爱尔兰都柏林城市大学国家细胞生物技术研究所-癌症分子疗法方向博士后研究员

Postdoctoral Researcher in the functional assessment of PI3K/AKT pathway mutations as predictors of PI3K inhibitor sensitivity

Background and Role:

A postdoctoral position is available with the Molecular Therapies for Cancer in Ireland within the National Institute for Cellular Biotechnology at Dublin City University (DCU) to undertake research on the following project: “The impact of mutations in PI3K/AKT pathway gene loci on response to PI3K inhibitors”. This postdoctoral position is funded through a Health Research Board Emerging investigator award.

PI3K-inhibitors demonstrate clinical efficacy in the treatment of breast cancer. Oncogenic missense mutations in the PIK3CA gene are the most obvious potential prognostic and therapeutic markers ofPI3K-inhibitor sensitivity. However, many patients who don’t have a PIK3CA missense mutation also respond to PI3Kinhibitors.

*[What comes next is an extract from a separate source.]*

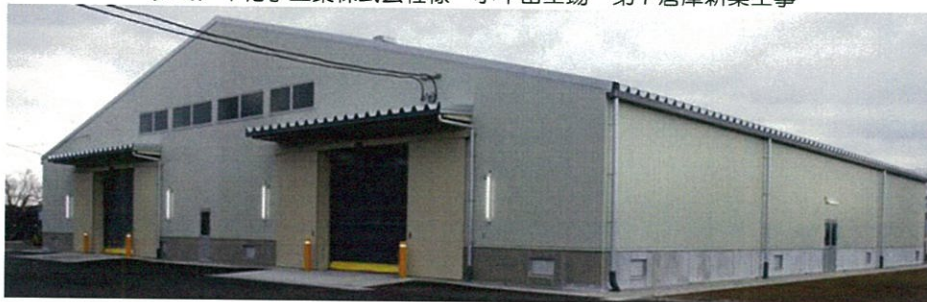
クミアイ化学工業株式会社様 小牛田工場 第7倉庫新築工事

Supporting this, data generated by our lab, as well as published clinical trial results, suggest that an extended cohort of patients who are PIK3CA wild-type could benefit from PI3K-inhibitors. We therefore hypothesise that both coding and non-coding ‘regulatory’ mutations in the gene loci of members of the PI3K/AKT-pathway, influence how BCs respond to PI3K inhibitors.

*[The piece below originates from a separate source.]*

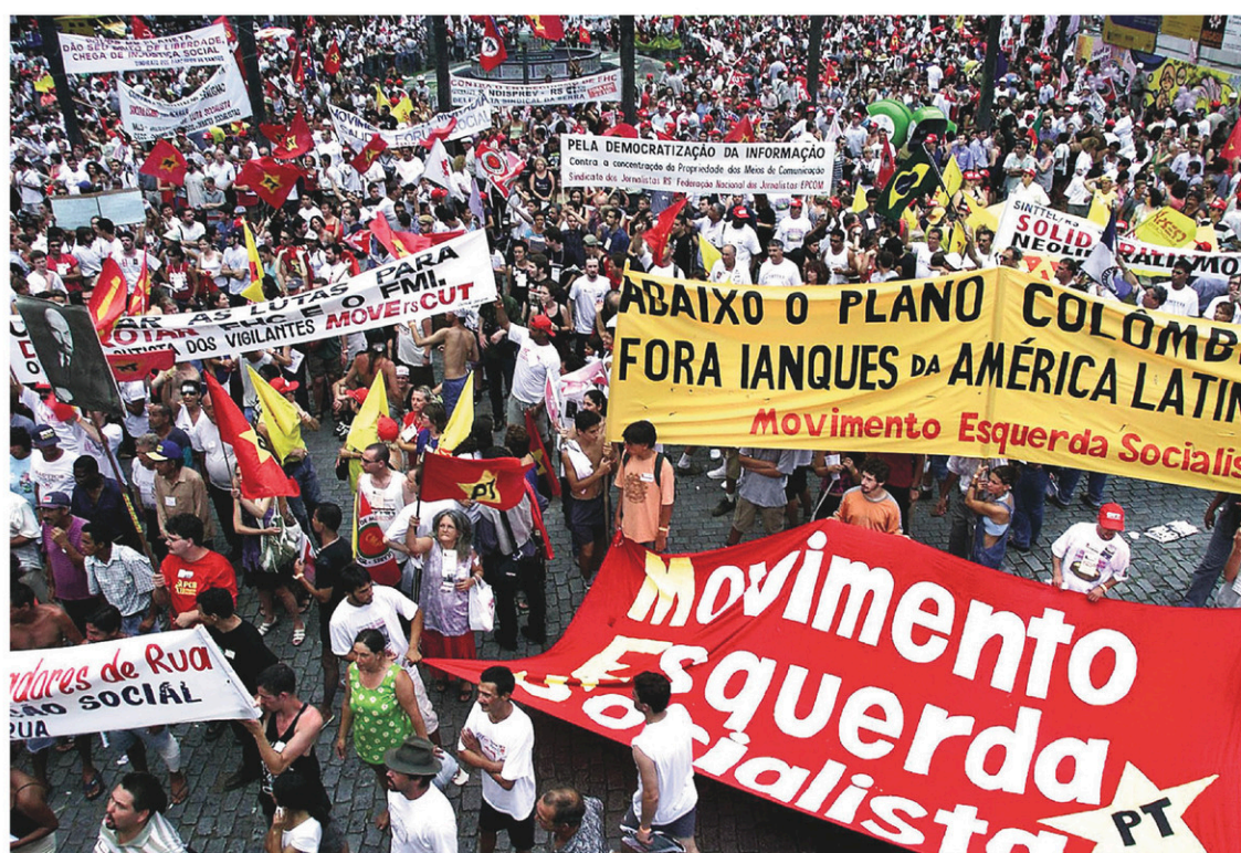
La ville de Porto Alegre, dans le sud du Brésil, a accueilli le tout premier Forum social mondial en 2001. Chaque édition s'ouvre par une traditionnelle marche rassemblant tous les participants.

L'histoire du Forum social mondial n'est pas un long fleuve tranquille. Au contraire, elle a toujours été au diapason des mouvements sociaux du monde, pour le meilleur et pour le pire. Pierre Beaudet décrit les «phases» que le FSM a dû traverser. D'abord, celle des gouvernements socialistes latino-américains. L'enthousiasme suscité par l'arrivée de Hugo Chávez au pouvoir (1999) était encore frais en mémoire au moment du pre-

Therefore, the key question this proposal will address is “what is the extended cohort of gene mutations in patients with PIK3CA wild-type tumours that predict responsiveness to PI3K-inhibitors”.

To test our hypothesis, we will undertake the following:

Objective 1: To identify novel coding and non-coding mutations in the gene loci of members of the PI3K/AKT pathway.

Objective 2: To functionally evaluate the oncogenic potential of coding and non-coding mutations which affect the activity of the PI3K/AKT-pathway.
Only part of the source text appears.